A mallet stands out among the clutter on a desktop in Mesirow Financial's offices in Chicago. Is this for Thomas Avgeris, a big man never afraid of strangers in the Windy City?

No, Avgeris needs the mallet to hammer home one of the attributes some say has made Mesirow an important name in the scrappy business of correspondent clearing: good quality control.

That's right, quality control. And it was scrawled in big letters across the mallet crashing down on the desk.

Quality control, repeated Avgeris, a managing director at Mesirow's North Clark Street offices in the Windy City. "When in doubt, bring it out," he said, giving the desk another rap. "Quality control."

Soon the laughter was actually rattling the room. But this was no laughing matter. Mesirow, which has 125 corespondents, likes to rank quality control among the top reasons an introducing broker, or a smaller broker dealer, selects Mesirow to execute, clear and settle its equity transactions.

"We are an extension of the introduction broker, as it were," Avgeris said.

Symbolic Reminder

The mallet, of course, is much more than a symbolic reminder of how important quality of service is at Mesirow. The mallet is a good way to begin any article in 1998 about the correspondent-clearing business.

After all, the industry is now awaiting Securities and Exchange Commission approval on new clearing rules that could utterly change the relationship among clearing firms, their correspondents, the correspondents' customers the ultimate customer, actually as well as the regulators.
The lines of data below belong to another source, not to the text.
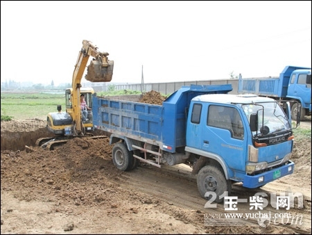 5月27日,玉柴重工常州服务工程师一行驱车拜访常州嘉哲镇用户戴文忠老板,当工程师们见到戴老板时,他的YC60-8还正处于忙忙碌碌的作业中。“你们不用这么兴师动众,我的小挖没出问题,你们不用来这么多人,谢谢你们的关心啦!”当戴老板见到八九个人的服务工程师队伍时,一边上前迎接,一边笑着喊着。据戴老板介绍,嘉哲当地现在发展养蟹业,这台正在作业的YC60-8是自己的第二台玉柴挖机,出活率高、动力强、油耗低,得到了很多工程老板的信任,自己才有机会包揽了很多挖蟹塘类的工程。“2011年11月份,戴老板还介绍了一个同乡也买了一台YC60机,他现在工程量也挺多。”随行的常州办事处主任冯乐一边同戴老板聊天,一边和正保养机器的服务人员说着。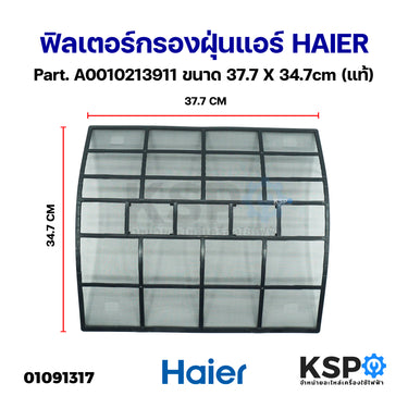 ฟิลเตอร์กรองฝุ่นแอร์ ฟิลเตอร์แอร์ แผ่นกรองฝุ่นแอร์ HAIER ไฮเออร์ Part. A0010213911 ขนาด 37.7 X 34.7cm (แท้) อะไหล่แอร์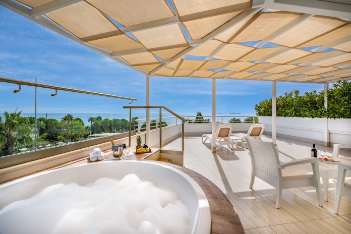 Двуспальная кровать, диван-софа, ванная комната с душем, терраса с лежаками и джакузи, прямой вид на море, пляжная сумка, десертная тарелка, в мини-баре также 2 банки пива.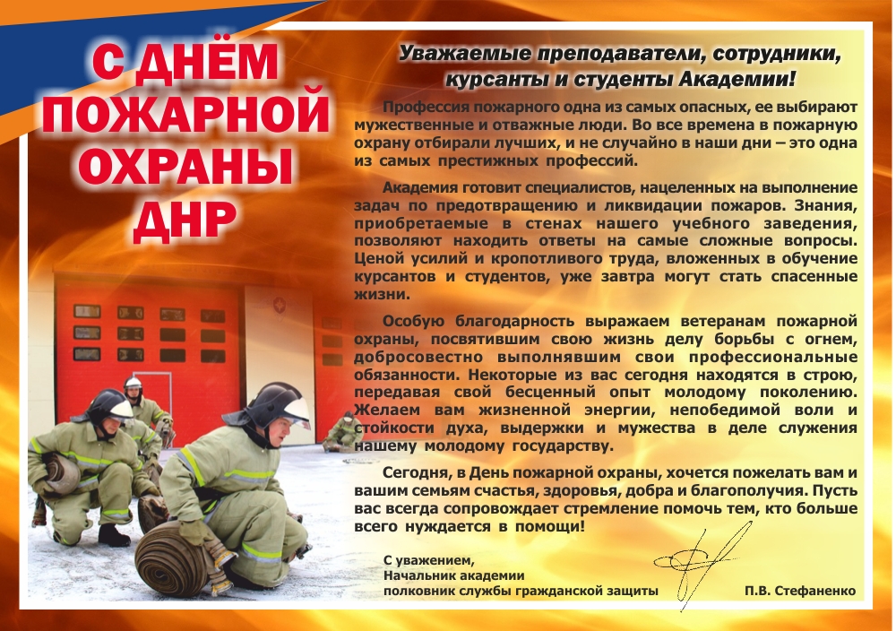 Поздравление начальника ГОУВПО "Академия гражданской защиты" МЧС ДНР полковника службы гражданской защиты профессора Стефаненко Павла Викторовича с Днем пожарной охраны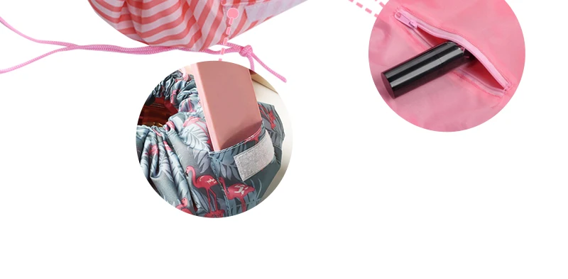 Сумки для косметики на шнурке, милые портативные дорожные розовые органайзеры для косметики, помады, фламинго, вишни, наружный карман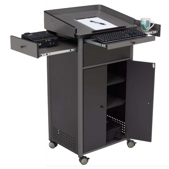 An elegantly designed to offer an all-in-one experience during your presentation. It offers a great amount of space, such as, a large reading surface, two side pull-out shelves, and a sliding keyboard tray. As well as three large shelves and an oversized front drawer designed to give the adequate amount of storage. For a complete multi-media presentation experience, a sound system with a gooseneck microphone and a tie-clip lapel microphone are included.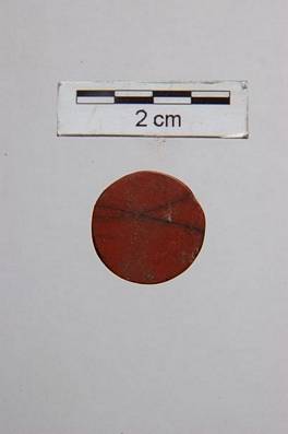 | Description / विवरण | Flattened round shape object in red colour.Two crack marks are crossing each other in middle portion. Tiny spots are also noticeable on surface. |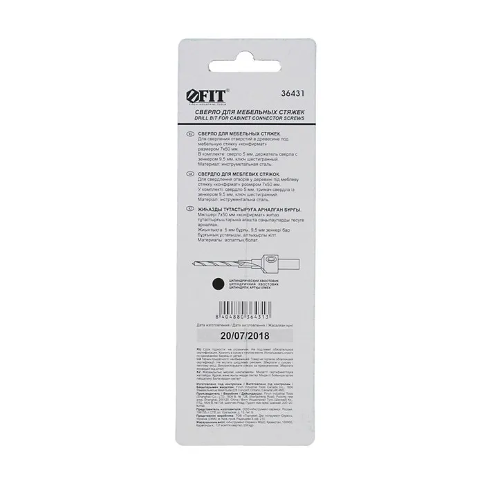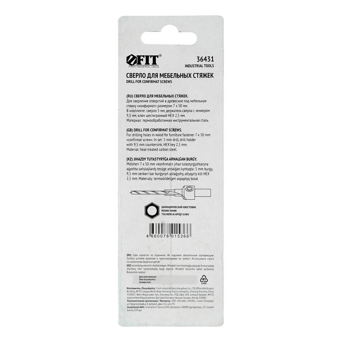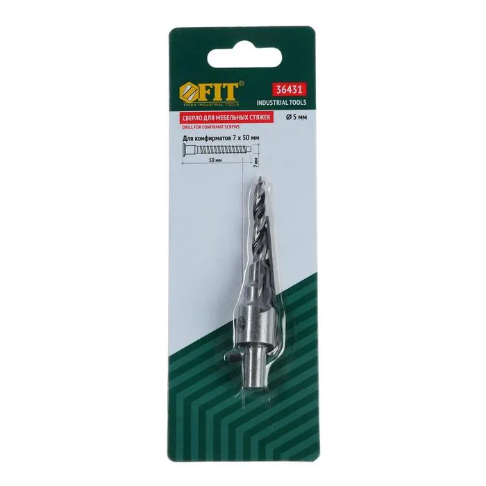 Сверло под конфирмат FIT 36431, для мебельных стяжек, 5 мм/зенкер 9.5 мм, для стяжки 7х50 — Характеристики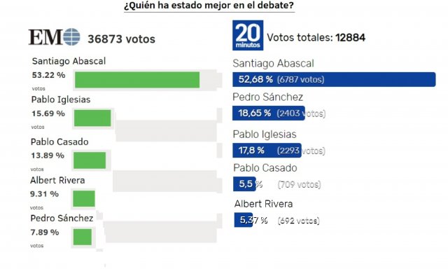 El diario 20 Minutos también ha lanzado una encuesta que responde a la misma pregunta que la de El Mundo. Con un total de 12.884 votos a la hora de escribir estas líneas, Santiago Abascal encabezaba la lista con el 52,68% de los sufragios, seguido por Pedro Sánchez (18,65%), a quien pisaba los talones Pablo Iglesias (17,8%) y, con algo más de distancia, se encontraban Pablo Casado (5,5%) y Albert Rivera (5,37%).

The objective is to enhance existing levels of quality control in a business that has not always demonstrated a sterling reputation.
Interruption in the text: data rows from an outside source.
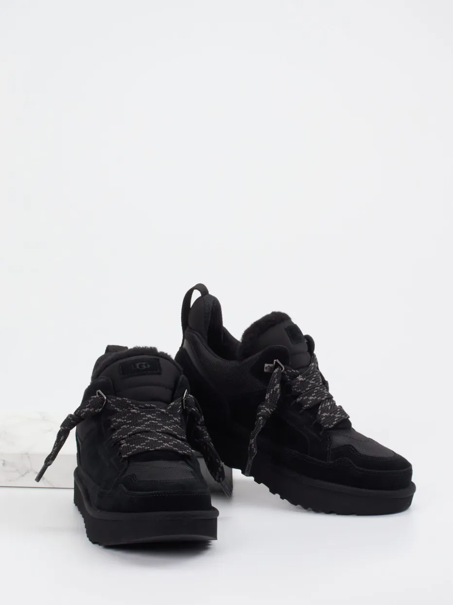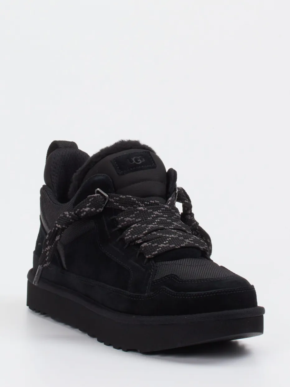 Robuster Komfort für kalte Tage.UGG präsentiert einen gefütterten Damen-Sneaker für Herbst und Winter. Für wechselhafte Witterung und urbanes Outdoor-Styling ist dieser voluminöse Low-Top ideal. Gefertigt aus Veloursleder mit samtiger Oberfläche und atmungsaktiven Mesh-Einsätzen, vereint er Komfort mit griffigem Halt. Die schwarze Farbe wirkt vielseitig kombinierbar, während Details wie zweifarbige Schnürsenkel, Zuglasche und das Ton-in-Ton-Branding moderne Akzente setzen. Das warme Lammfellfutter und die stark profilierte Gummisohle sorgen für Trittsicherheit und Schutz bei kalten Temperaturen. Stilistisch trifft das Modell auf aktuelle Streetwear- und Gorpcore-Trends. UGG bietet hier Funktionalität in typischer Designqualität für stilvolle Winter-Outfits.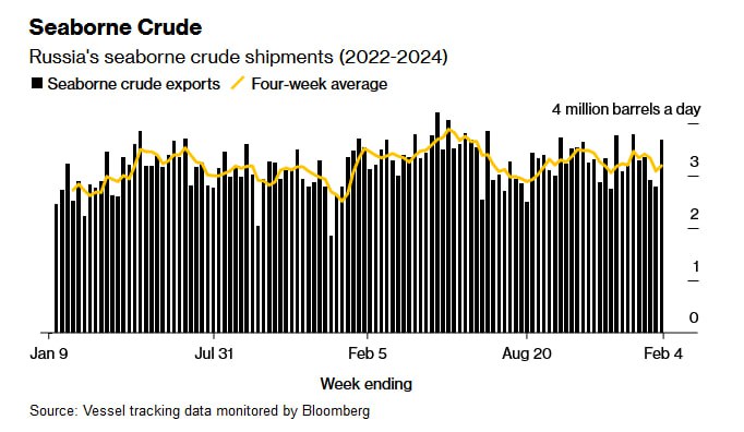 В период с 22 по 28 января морской экспорт российской нефти упал на 250 тысяч баррелей в стуки из-за сильных морозов, штормов в Приморском крае и ремонтных работ в терминале Усть-Луга.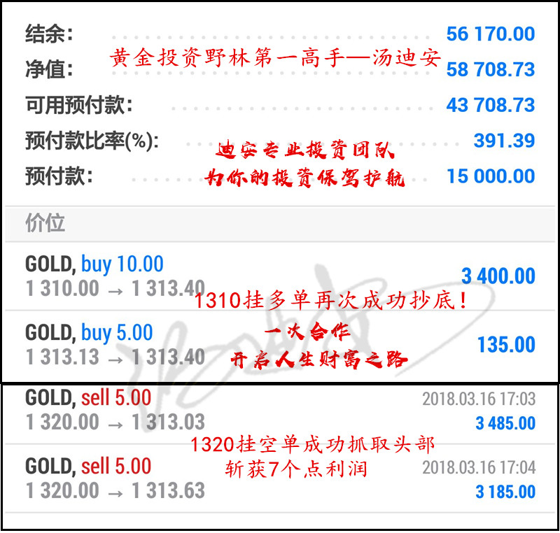 汤迪安:3.17黄金从1320暴跌10个点,我们从头吃到尾 没有总是一直处于亏损状态的投资,只有不成熟的投资交易系统! 我便是充满异常自信,纵横黄金投资市场多年的野林第一高手汤迪安,在这个充满魅力与诱惑的投资市场中,我汤迪安称第二,没人敢在我面前称自己是第一! 真诚祝愿下一个投资金友能成功超越现在的迪安(唯/td518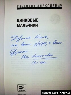 Сярод кніг, якія апошнім часам падпісала сваім чытачам ляўрэатка Нобэлеўскай прэміі Сьвятлана Алексіевіч, дзьве — палітвязьню Міхаілу Жамчужнаму. Бліжэйшым часам яны будуць перададзеныя ў папраўчую установу ў Навасадах, дзе той адбывае пакараньне. Так здаралася, што Сьвятлана Алексіевіч сачыць за яго лёсам. Адну з кніг — «Цынкавыя хлопчыкі» пісьменьніца падпісала так: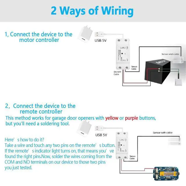 However, for garage door controllers with yellow and purple buttons, this method cannot be used because they do not output signals. Instead, you must connect the NO and COM terminals to the garage door remote control, enabling your switch to replace manual pressing of the remote and thus open/close the garage door.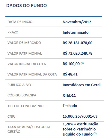 O fundo teve sua inauguração na bolsa de valores, por volta do final de 2012. Sendo que no primeiro semestre de 2013 ficou acertada a devolução de parcela do patrimônio de XTED11.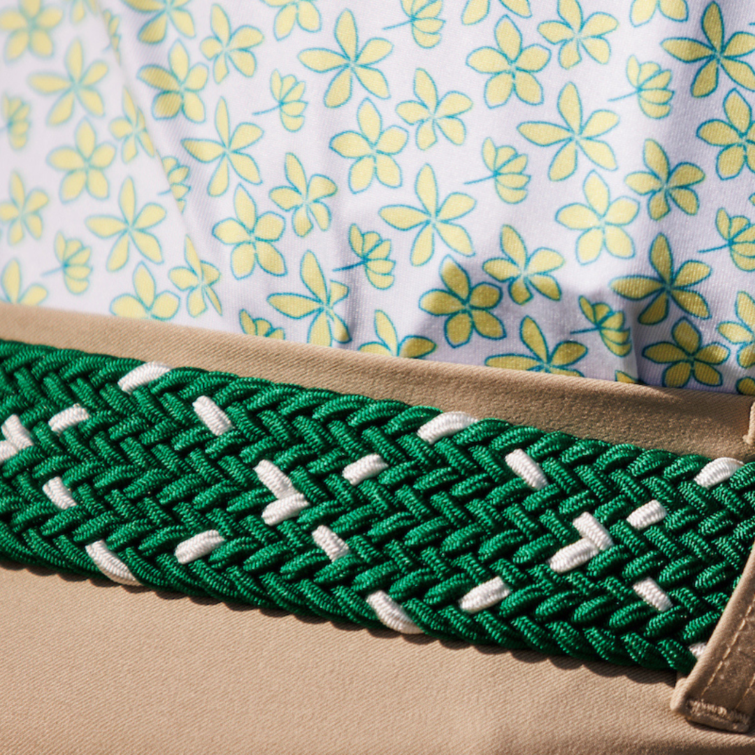 Complete your perfect outfit with our Brother Belts: The James. Made with braided polyester and leather accents, The James adds style and comfort with its flex fit design and 1.2" width. Elevate your game and style with The James by your side.

The rules were submitted to the SEC in response to several highly-publicized cases of alleged investor fraud by broker dealers that use other broker dealers or correspondent-clearing firms to clear and settle their business.

In particular, regulators stepped up their demands for stricter clearing rules in the wake of the collapse of New York-based A.R. Baron & Co. Last year, a state grand jury indicted A.R. Baron and 13 former employees on charges of bilking investors of more than $70 million. The firm filed for bankruptcy in 1996.
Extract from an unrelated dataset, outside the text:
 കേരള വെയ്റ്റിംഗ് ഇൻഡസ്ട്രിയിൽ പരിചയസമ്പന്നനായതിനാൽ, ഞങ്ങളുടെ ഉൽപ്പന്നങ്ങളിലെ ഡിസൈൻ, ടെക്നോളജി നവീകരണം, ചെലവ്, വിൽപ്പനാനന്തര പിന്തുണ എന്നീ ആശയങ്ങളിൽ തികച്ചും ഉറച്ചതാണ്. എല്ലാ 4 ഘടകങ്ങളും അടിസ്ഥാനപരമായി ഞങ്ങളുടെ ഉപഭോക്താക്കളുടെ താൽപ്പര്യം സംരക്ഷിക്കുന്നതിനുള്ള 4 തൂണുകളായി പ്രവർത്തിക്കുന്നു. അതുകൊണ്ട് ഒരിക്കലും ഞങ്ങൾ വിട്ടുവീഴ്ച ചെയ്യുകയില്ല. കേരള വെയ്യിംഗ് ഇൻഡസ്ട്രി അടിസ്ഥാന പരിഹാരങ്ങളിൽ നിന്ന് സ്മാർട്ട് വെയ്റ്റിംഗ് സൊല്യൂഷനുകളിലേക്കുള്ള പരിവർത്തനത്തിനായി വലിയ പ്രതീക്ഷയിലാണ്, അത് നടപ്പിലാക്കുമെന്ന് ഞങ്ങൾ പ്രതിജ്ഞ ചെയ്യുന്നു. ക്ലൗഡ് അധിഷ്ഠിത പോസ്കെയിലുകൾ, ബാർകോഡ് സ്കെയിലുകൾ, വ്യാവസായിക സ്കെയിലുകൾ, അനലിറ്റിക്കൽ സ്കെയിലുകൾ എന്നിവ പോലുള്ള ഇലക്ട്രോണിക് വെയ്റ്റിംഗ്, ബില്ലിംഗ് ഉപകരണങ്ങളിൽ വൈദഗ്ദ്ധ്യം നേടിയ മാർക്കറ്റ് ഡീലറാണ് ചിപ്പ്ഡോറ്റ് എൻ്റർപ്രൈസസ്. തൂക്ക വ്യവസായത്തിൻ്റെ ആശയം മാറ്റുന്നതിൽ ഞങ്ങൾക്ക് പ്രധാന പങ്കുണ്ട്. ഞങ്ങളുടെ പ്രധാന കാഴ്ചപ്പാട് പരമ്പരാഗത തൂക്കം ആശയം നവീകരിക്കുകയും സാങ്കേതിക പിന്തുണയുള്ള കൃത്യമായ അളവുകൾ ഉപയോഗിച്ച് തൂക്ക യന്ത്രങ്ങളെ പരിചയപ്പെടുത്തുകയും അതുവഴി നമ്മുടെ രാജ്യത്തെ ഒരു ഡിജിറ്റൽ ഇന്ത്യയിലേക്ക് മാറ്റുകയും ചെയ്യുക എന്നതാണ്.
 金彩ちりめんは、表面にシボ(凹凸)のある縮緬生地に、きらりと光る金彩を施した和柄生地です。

Bear Stearns & Co., which processed A.R. Baron's business and wins high praise from many of its correspondents for running a good ship was questioned by the SEC, and separately, by the Manhattan district attorney's office about its role in the collapse of A.R. Baron.

At issue was the role of Bear Stearns, passive or otherwise, in the alleged wrongdoings of a correspondent.

Bear Stearns defended its role in the A.R. Baron debacle, pointing out, for instance, that it represented only a small fraction of its total clearing business. (Bear Stearns processes an estimated 12 percent of the volume on the New York Stock Exchange cleared through the National Securities Clearing Corp.)

Moreover, Bear Stearns stressed that customers make it clear in customer agreements they are aware that the firm acts as the backoffice provider that gives them investment advice.